I did have the occasional swig of water from my bottle. I never thought about road contaminants getting on there until now.

I would say I have a good core strength and think I'm at a good fitness level. I have tried to keep to a good fitness level as I'm an a surfer of 20 years and good fitness is paramount when out in the ocean. My job keeps me active as I walk for a living. I think I'll skip the shakes on days where I ride and will go steadier on the bike from now on until my body gets used to being on it. I'm hoping the back ache is due to my body not being used to being in that position for lengthy periods. I must say though, I don't know why I left it so long to get a bike again, cycling is great


----------



## bikingdad90 (2 Feb 2016)

Are you wearing bib shorts/tights. I find that if I wear normal shorts or trousers my jersey rides up and I get a cold back and feel stiff and achey afterwards but if I have bibs on I am totally fine.


----------



## Skippy (2 Feb 2016)

I've been wearing normal tights and my jersey does tend to ride up. Maybe this time of year I would be better off with bib tights. On a side note, it feels odd talking about the tights I wear as a man haha


----------



## screenman (2 Feb 2016)

I watched a film once where a bloke was pregnant, have you been tested?


----------



## ColinJ (2 Feb 2016)

screenman said:


> I watched a film once where a bloke was pregnant, have you been tested?

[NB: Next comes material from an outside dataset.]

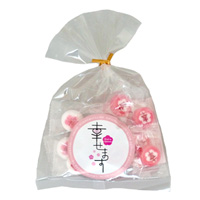 透明の袋の中には、道真公が愛した紅白の梅の花を表した、とってもかわいいキャンディーが12個入っています。きつすぎない優しいピンク色と白に優しい気持ちになります。
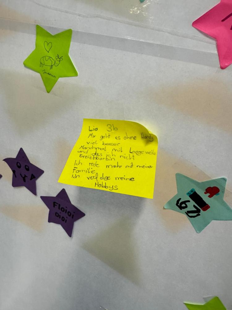 „Es ist gut, wenn man etwas mit Freunden unternimmt, dass sie nicht die ganze Zeit auf das Handy schauen und man mehr miteinander redet.“ Lea Stupakova 3c

I had a blood test once and when the doctor came back with the results he asked me if I were pregnant!


----------



## Skippy (2 Feb 2016)

100% sure I'm not up the duff! To be fair though I haven't taken a pregnancy test, so who knows lmao


----------



## ayceejay (2 Feb 2016)

This walking job is not post is it?


----------



## Skippy (2 Feb 2016)

ayceejay said:


> This walking job is not post is it?



It is indeed.


----------



## Milkfloat (2 Feb 2016)

Skippy said:


> It is indeed.



Could that be the bad back then? Symptoms you only find out about on the bike.


----------



## ayceejay (2 Feb 2016)

Bingo.


----------



## Tim Hall (2 Feb 2016)

Ditch the protein shake and go for a hop flavoured lightly carbonated rehydration fluid. These are widely available and are generally sold in pints. Two varieties exist; yellow and brown.


----------



## old bloke on a bike (3 Feb 2016)

Brilliant and helpful feedback from all, nice to know that serious cyclists dont belittle newbys and returners!! as a recent returnee im having trouble as well with recovery after climbing and knee problems (actual knee trouble not bike fit) the best advice i was given was to slow down and take my time to recover a lot of lost fitness not all cycling is a race !! im now enjoying going out more every time and starting to accept that i may never be as fit as i once was so just cycle to my level !! and just a note there was a nasty virus going round which when i went to the docs i got anti biotics for! might be worth a visit !


----------



## Skippy (3 Feb 2016)

Milkfloat said:


> Could that be the bad back then? Symptoms you only find out about on the bike.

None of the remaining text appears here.